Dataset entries
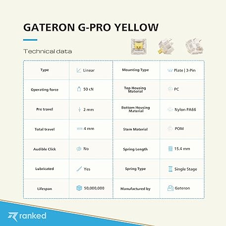 Thương hiệu Ranked là cái tên nổi tiếng được rất nhiều khách hàng trên thế giới chọn lựa. Với kiểu dáng đẹp mắt, sang trọng, sản phẩm Pack of Gateron ks-9 G PRO Switches for Mechanical Gaming Keyboards | Plate Mounted | Pre Lubed (Gateron PRO Yellow, 65 Pcs) là sự lựa chọn hoàn hảo nếu bạn đang tìm mua một món cho riêng mình.
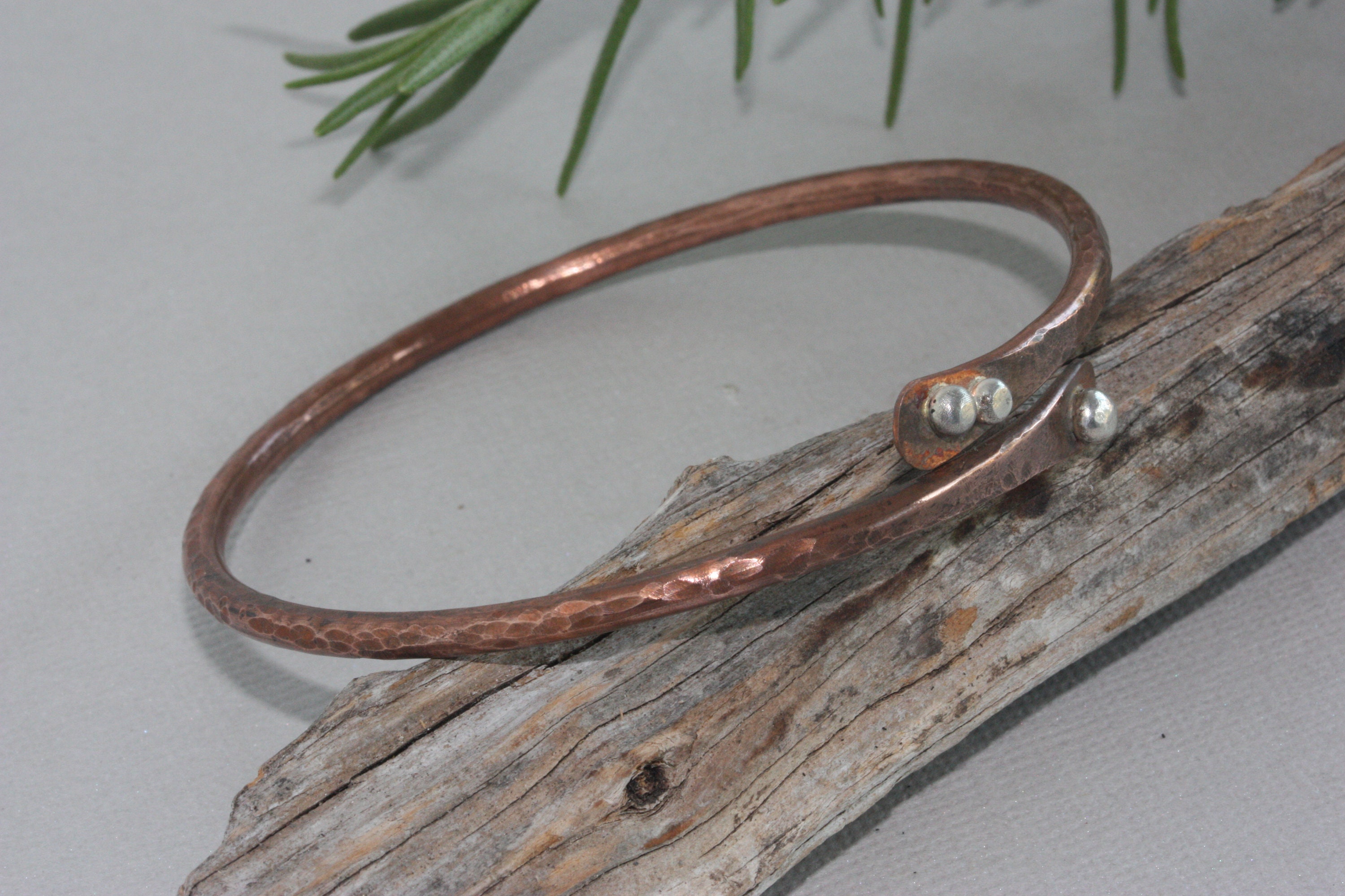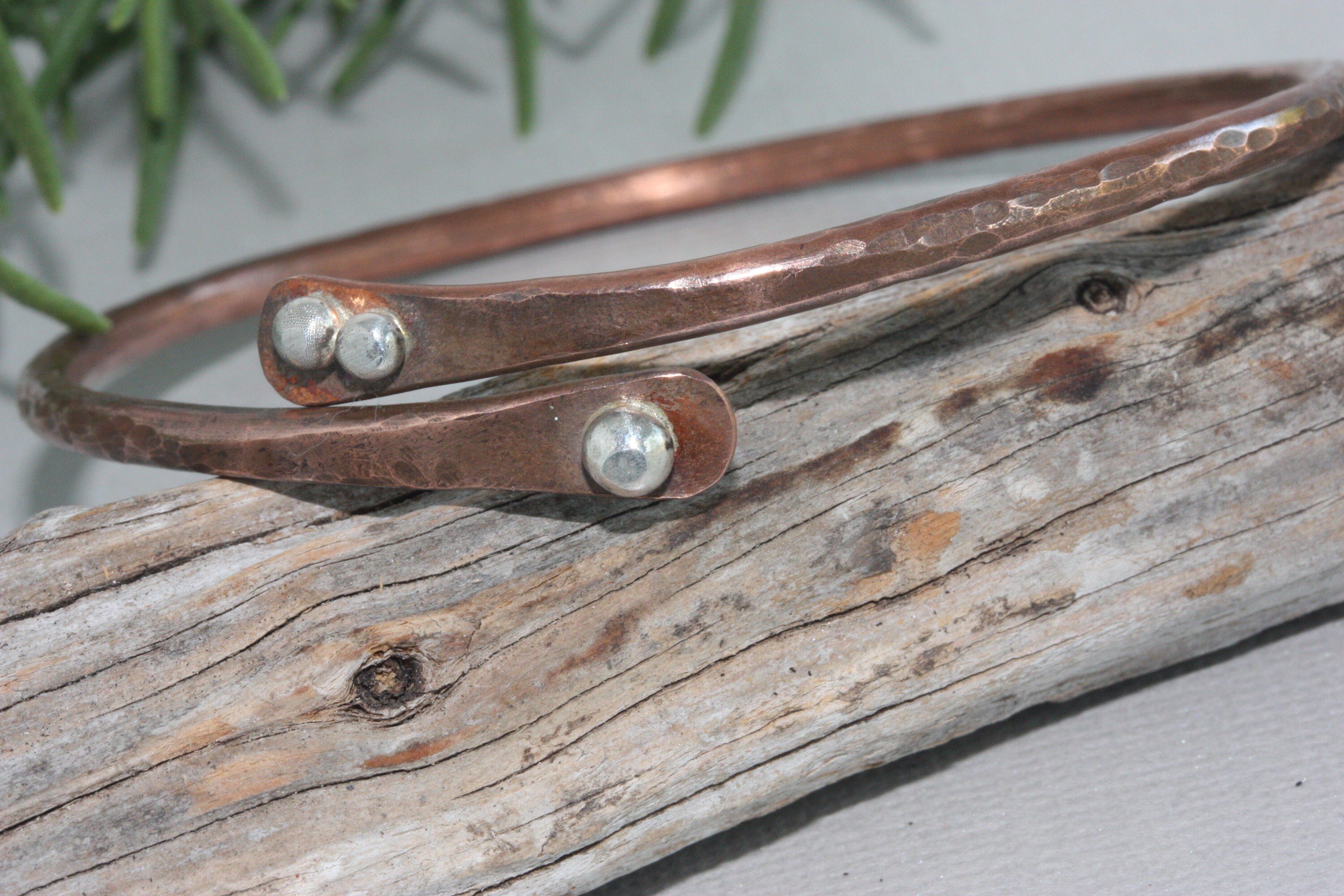 Mixed metal copper bangle bracelet with sterling silver ball accents, handmade.
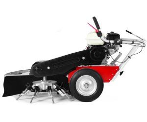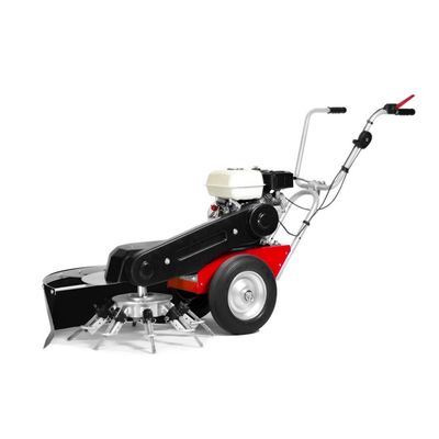 The solid frame in connection with the powerful engine, the big wheels and the handlebar allows a vibration-free working over a long time with hardly noticeable lateral forces. The brushes are individually adjustable. If wear occurs, the brushes can be pushed back by the quick-change system. A wear protection protects the plate damage. A splash guard protect against flying stones and damages. The brush head can be adjusted in the inclination. The handlebar is foldable and stepless height adjustable without tools. Furthermore it can be pivoted to the side.
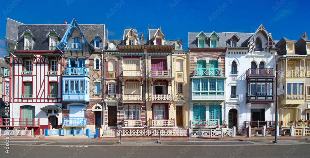 Famousfacades on the seaside of Mers-les-Bains, limit of Hauts-de-France and Normandy. France
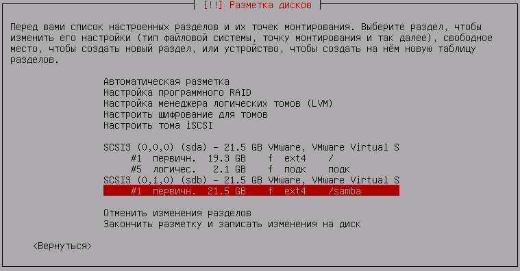 В нашем примере мы будем использовать виртуальную машину с двумя жесткими дисками, один для системы, второй для данных, точку монтирования диска для данных мы указали как /samba, вы можете использовать другое имя и расположение.

What is needed
Without including any pictures, output each entry above exactly as it appears.

Written response
 Thương hiệu Ranked là cái tên nổi tiếng được rất nhiều khách hàng trên thế giới chọn lựa. Với kiểu dáng đẹp mắt, sang trọng, sản phẩm Pack of Gateron ks-9 G PRO Switches for Mechanical Gaming Keyboards | Plate Mounted | Pre Lubed (Gateron PRO Yellow, 65 Pcs) là sự lựa chọn hoàn hảo nếu bạn đang tìm mua một món cho riêng mình.
 Mixed metal copper bangle bracelet with sterling silver ball accents, handmade.
 The solid frame in connection with the powerful engine, the big wheels and the handlebar allows a vibration-free working over a long time with hardly noticeable lateral forces. The brushes are individually adjustable. If wear occurs, the brushes can be pushed back by the quick-change system. A wear protection protects the plate damage. A splash guard protect against flying stones and damages. The brush head can be adjusted in the inclination. The handlebar is foldable and stepless height adjustable without tools. Furthermore it can be pivoted to the side.
 Famousfacades on the seaside of Mers-les-Bains, limit of Hauts-de-France and Normandy. France
 В нашем примере мы будем использовать виртуальную машину с двумя жесткими дисками, один для системы, второй для данных, точку монтирования диска для данных мы указали как /samba, вы можете использовать другое имя и расположение.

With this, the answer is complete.